For machine learning to really make a difference, neuroscience will need to become a big data science
Machine learning won’t solve all the big problems in neuroscience. It may be limited by the quality of data coming in from fMRI and other brain scanning techniques. (Recall that fMRI paints a fuzzy picture of the brain, at best.) “If we had an infinite amount of imaging data, you would not get perfect prediction because those imaging procedures are very imperfect,” Gael Varoquaux, a computational scientist who has developed machine learning toolkits for neuroscientists, says.
But at the very least, the neuroscientists I spoke to were excited about machine learning because it makes for cleaner science. Machine learning combats a problem called “multiple comparison problem,” wherein researchers essentially go fishing for a statistically significant result in their data (with enough brain scans, some region is bound to “light up” somewhere). With machine learning, either your prediction about brain behavior is correct or it’s not. “Prediction,” Varoquaux says, “is something you can control.”
A big data approach also means neuroscientists may be able to start studying behavior outside the confines of the lab. “All of our traditional models of how brain activity works are based on these very artificial experimental settings,” Ghuman says. “We’re not entirely clear that it works the same way when you get to the real-world setting.” If you have enough data on brain activity (perhaps from a wearable EEG monitor) and behavior, machine learning could start to find the patterns that connect the two without the need for contrived experiments.
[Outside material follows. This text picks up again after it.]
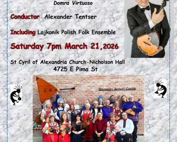 Upcoming Balalaika Shows azbalalaika October 3, 2025 October 3, 2025 Arizona Balalaika Orchestra will be performing Saturday October 11 Patagonia Fall Festival –Gazebo Stage 1-2pm Patagonia Town Park 400 McKeown Ave, Patagonia, AZ https://visitskyislands.com/event/patagonia-fall-festival/ … Continue reading

And there’s one last possibility for the use of machine learning in neuroscience, and it sounds like science fiction: We can use machine learning on the brain to build better machine learning programs. The biggest advance in machine learning in the past 10 years is an idea called “convolutional neural networks.” This is what Google uses to recognize objects in photos. These neural nets are based on theories in neuroscience. So as machine learning gets better at understanding the brain, it may pick up new tricks and grow smarter. Those improved machine learning programs can then be turned back on the brain, and we can learn even more about neuroscience.
(Researchers can also pull insights from machine learning programs trained to reproduce a human behavior like vision. Perhaps in learning the behavior, the program will reproduce the way the brain actually does it.)
“I don’t want people to think we’re suddenly going to get brain-reading devices; that’s not true,” Varoquaux says. “The promises are to get richer computational models to better understand the brain. I think we’re going to get there.”